Altogether, 19 variants showing nucleotide sequence variations in the E6 ORF were identified (Fig. 1). The maximum variation between any two variants was nine nucleotides, a variability of 2.0% over the 450-bp E6 ORF. The mean dN/dS was 0.916, and no site with significant positive or negative selection was found. Altogether, 16 nucleotide positions showing sequence polymorphism were identified, with 11 positions had nonsynonymous substitutions leading to amino acid changes. Based on the phylogenetic relationship, the E6 sequence patterns could be classified into four groups designated as E6-A, -B, -C, and -D, and each group was associated with a signature nucleotide sequence variation as shown in Figure 2a. The maximum intergroup nucleotide sequence variability range from 0.9% (E6-A and -B) to 2.0% (E6-B and -D), whereas the maximum intragroup variability range from 0.7% (E6-A and -C) to 1.3% (E6-B).
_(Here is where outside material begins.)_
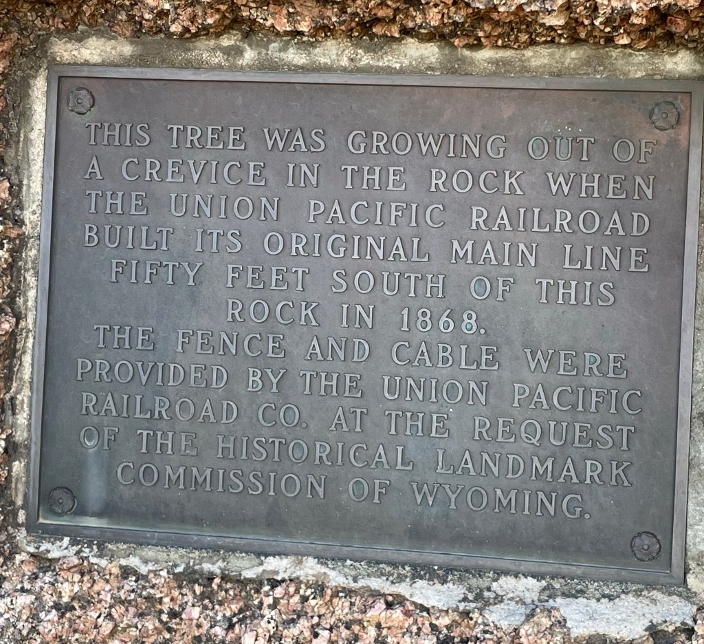 Our next stop also has a railroad theme! The little tree in the rock! The railway men were so taken with the spunky little tree growing out of a boulder that they moved the path of the railway tracks to preserve it! Now it resides between the east & west bound lanes of I 80.

Twenty-one variants showing sequence variations in the E7 ORF were identified (Fig. 3). The maximum nucleotide sequence variation between any two variants was nine, a variability of 3.0% over the 297-bp ORF. The mean dN/dS of E7 was 0.748 indicating a positive selection. Overall, 18 nucleotide positions showing sequence polymorphisms were identified, and 11 had nonsynonymous substitutions (Fig. 3). Four groups of E7 sequence patterns designated as E7-A with signature sequence variation of 632C, 694G, 793A; E7-B (694A); E7-C (632T) and E7-D (793G) were identified. The phylogenetic relationship and their associated signature nucleotide sequence variations are shown in Figure 2b.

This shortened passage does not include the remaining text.